_Data shown_:
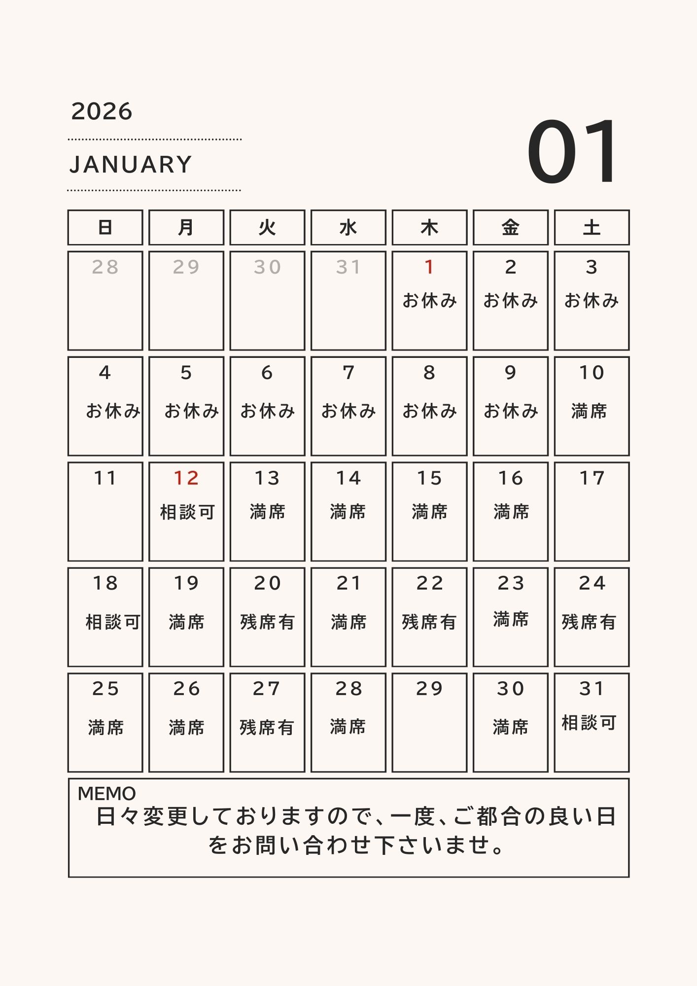 (但し、日程が満席以外の日でよろしくお願い致します。)
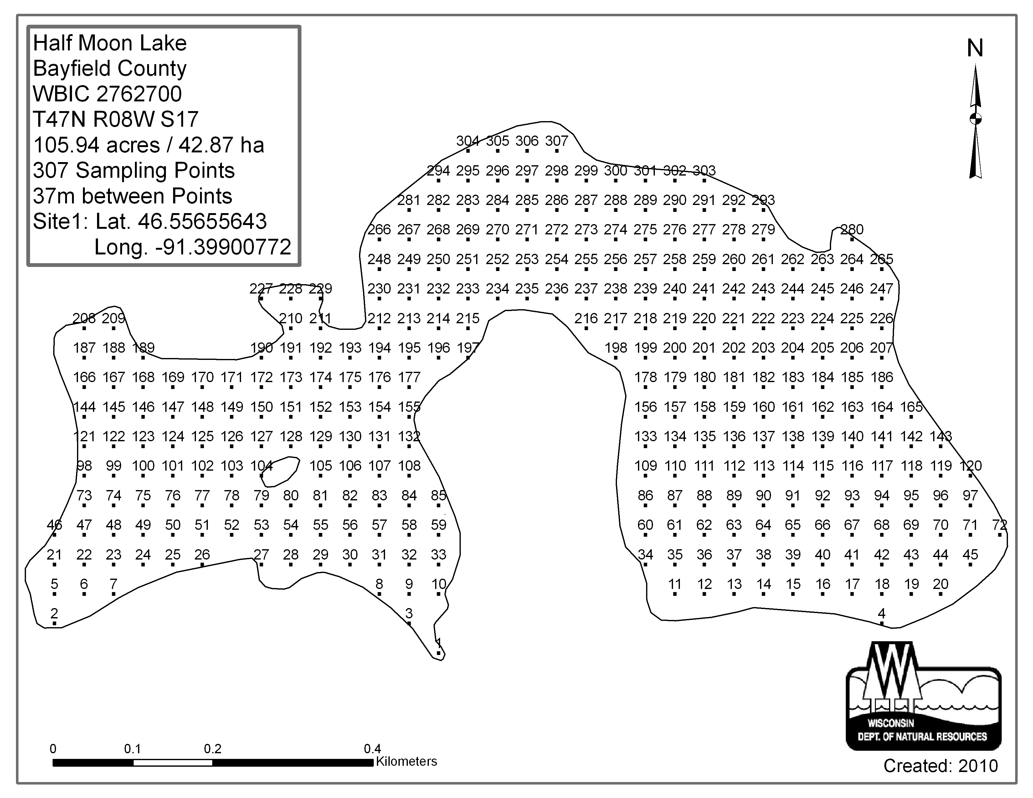 Half Moon Lake, Bayfield County - Aquatic Plant Sampling Map (37 mpts)
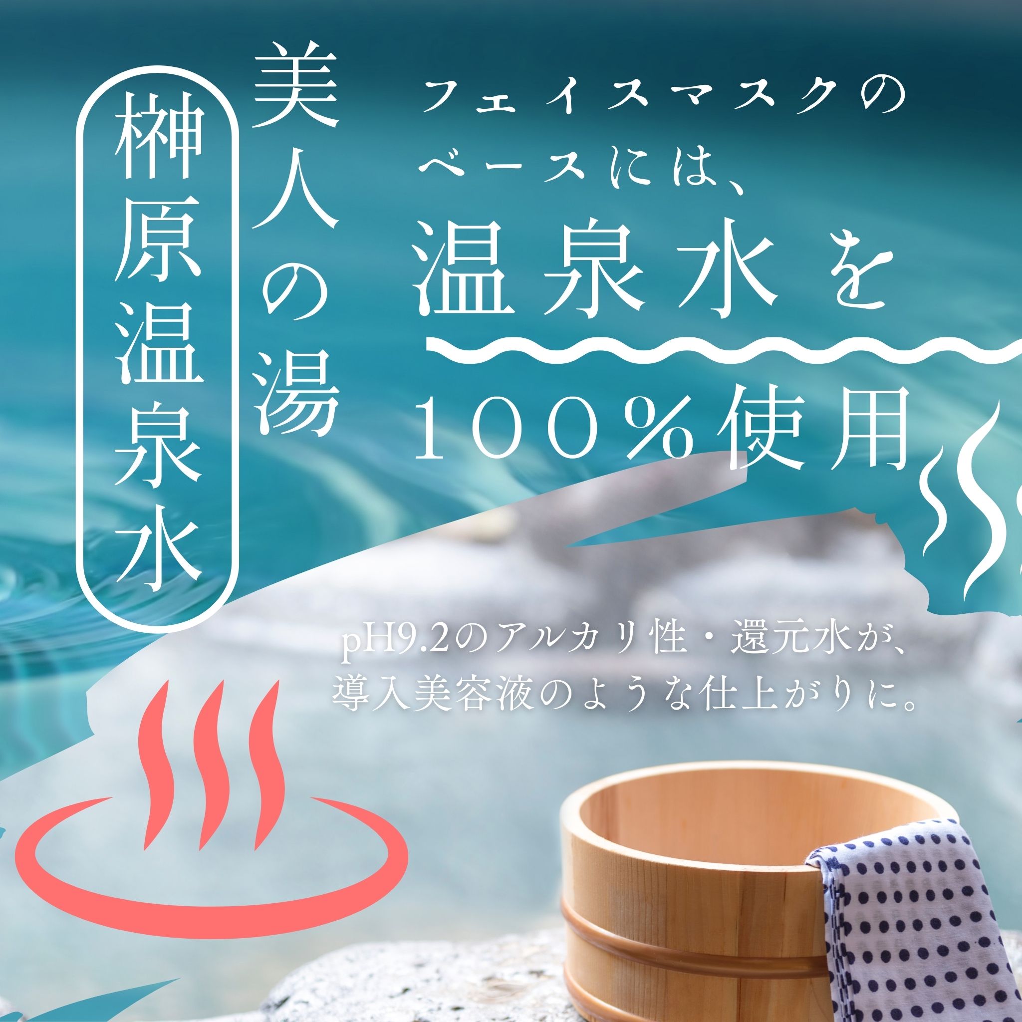 榊原温泉水をベースに、ヒアルロン酸・コラーゲン・エラスチンなどの保湿成分を贅沢に配合。 さらにプラセンタエキスや植物由来エキスが肌をやさしく整え、くすみを払って透明感を引き出します。 乾燥しがちな肌を包み込み、しっとりとなめらかな質感へ。 毎日のスキンケアに、明るく澄んだ印象を叶える特別な一枚です。

_Brief_: Set down the material exactly as given, but print none of the pictures.

_Written response_:
 (但し、日程が満席以外の日でよろしくお願い致します。)
 Half Moon Lake, Bayfield County - Aquatic Plant Sampling Map (37 mpts)
 榊原温泉水をベースに、ヒアルロン酸・コラーゲン・エラスチンなどの保湿成分を贅沢に配合。 さらにプラセンタエキスや植物由来エキスが肌をやさしく整え、くすみを払って透明感を引き出します。 乾燥しがちな肌を包み込み、しっとりとなめらかな質感へ。 毎日のスキンケアに、明るく澄んだ印象を叶える特別な一枚です。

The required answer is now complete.